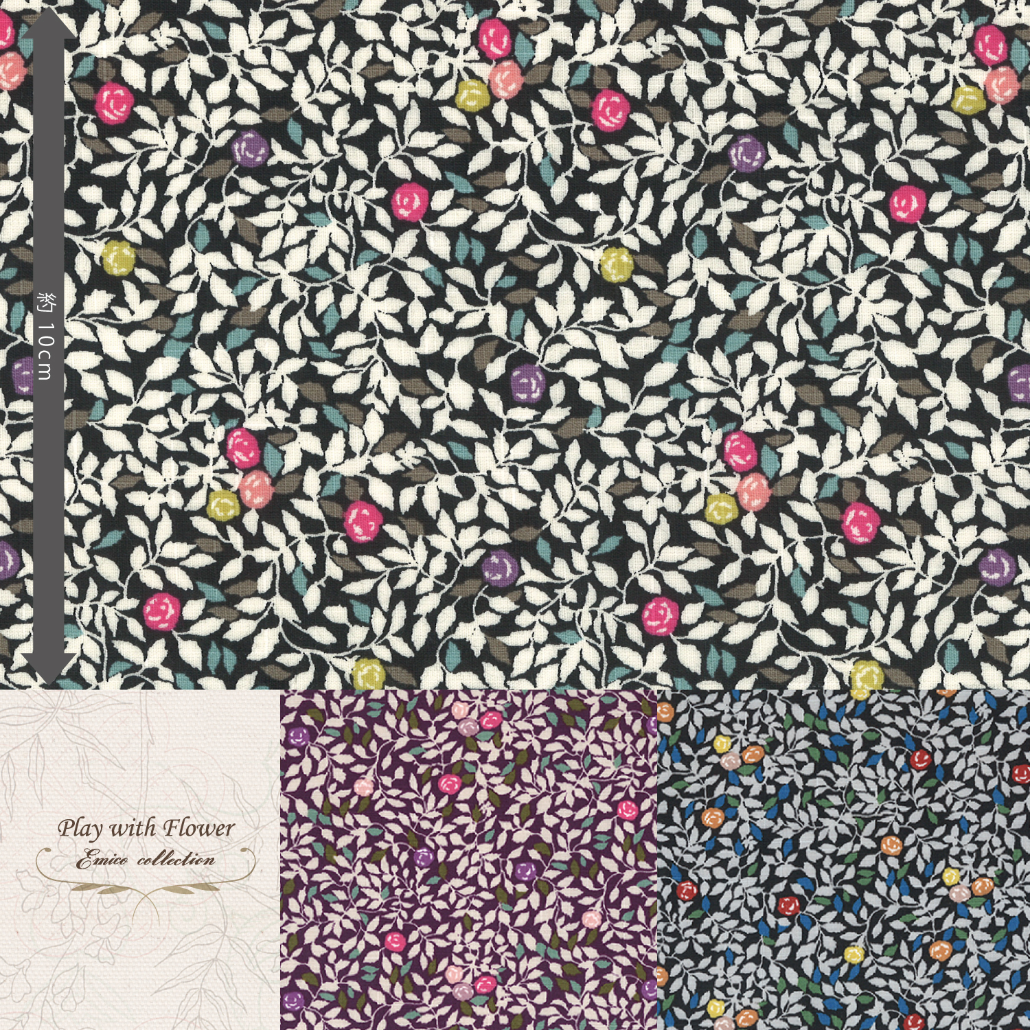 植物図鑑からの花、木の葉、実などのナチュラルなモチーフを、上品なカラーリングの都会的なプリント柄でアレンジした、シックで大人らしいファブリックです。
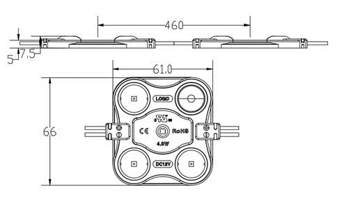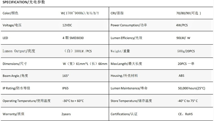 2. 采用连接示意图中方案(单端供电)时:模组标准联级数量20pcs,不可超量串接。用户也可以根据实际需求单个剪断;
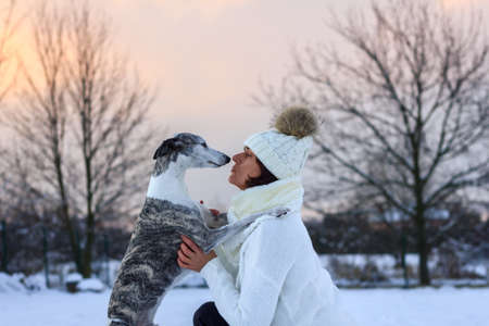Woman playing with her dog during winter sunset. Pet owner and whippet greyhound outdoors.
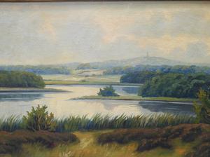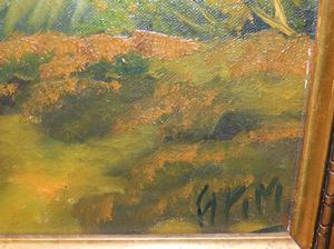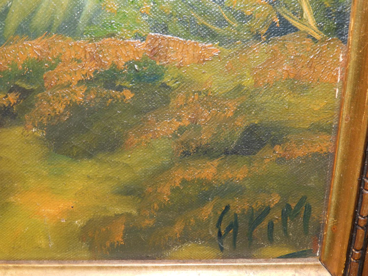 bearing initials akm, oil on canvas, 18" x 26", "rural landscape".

=== WHAT TO DO ===
Return each line above exactly; any pictures are to be skipped.

=== ANSWER ===
 植物図鑑からの花、木の葉、実などのナチュラルなモチーフを、上品なカラーリングの都会的なプリント柄でアレンジした、シックで大人らしいファブリックです。
 2. 采用连接示意图中方案(单端供电)时:模组标准联级数量20pcs,不可超量串接。用户也可以根据实际需求单个剪断;
Woman playing with her dog during winter sunset. Pet owner and whippet greyhound outdoors.
 bearing initials akm, oil on canvas, 18" x 26", "rural landscape".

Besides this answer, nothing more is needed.